VW-Personalvorstand Horst Neumann sprach von einem Paradigmenwechsel. Der Aufsichtsrat hat beschlossen, dass bei dem Wolfsburger Autohersteller von 2010 an ein sogenannter "Langzeitbonus" eingeführt wird. "Wir wollen eine enge Verknüpfung von Bonus und strategischen Zielen", sagte Neumann.

Voraussetzung sind schwarze Zahlen

Das Einkommen der fünf Vorstandsmitglieder - die 2008 zusammen ein Gehalt von 5,3 Millionen Euro, Bonuszahlungen von 12,5 Millionen Euro und Aktienoptionen in Millionenhöhe bekamen - bleibt zu 30 Prozent fix, der Rest ist variabel und an die langfristige Entwicklung geknüpft.
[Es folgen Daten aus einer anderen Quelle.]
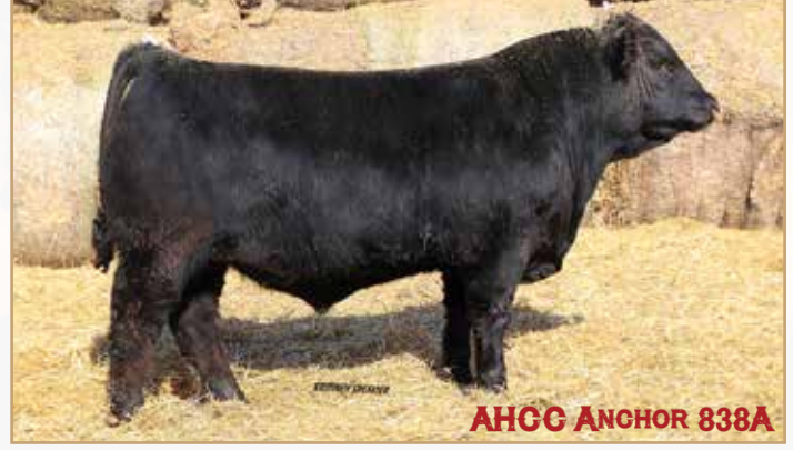
AHCC ANCHOR 838A

A MAGS UNHEARD OF 1/1/08 LFM1906500 Het Black (T) LIM-FLEX(34.2/64.7) MAGS 1748U Homo Polled (P) SIRE: G A R PREDESTINED DAM: EXLR 199H

Aktienoptionen als Teil der Vergütung werden abgeschafft.

Außerdem sei die Höhe des Langzeitbonus begrenzt und werde jeweils auf Basis der vergangenen vier Jahre berechnet, sagte Neumann. Voraussetzung sind allerdings schwarze Zahlen. "Wenn wir kein Geld verdienen, können alle anderen Ergebnisse noch so gut sein - dann gibt es keinen Bonus", betonte der Personalvorstand.

Ähnlich sieht das künftig auch bei der Commerzbank aus, die ebenfalls eine Bonus-Malus-Regelung für ihren Vorstand einführen will. Außerdem bestimmen der Aktienkurs und die langfristige finanzielle Entwicklung der Bank in Zukunft, wie hoch die Boni für den Vorstand ausfallen. Das teilte die Commerzbank am Mittwoch in Frankfurt mit.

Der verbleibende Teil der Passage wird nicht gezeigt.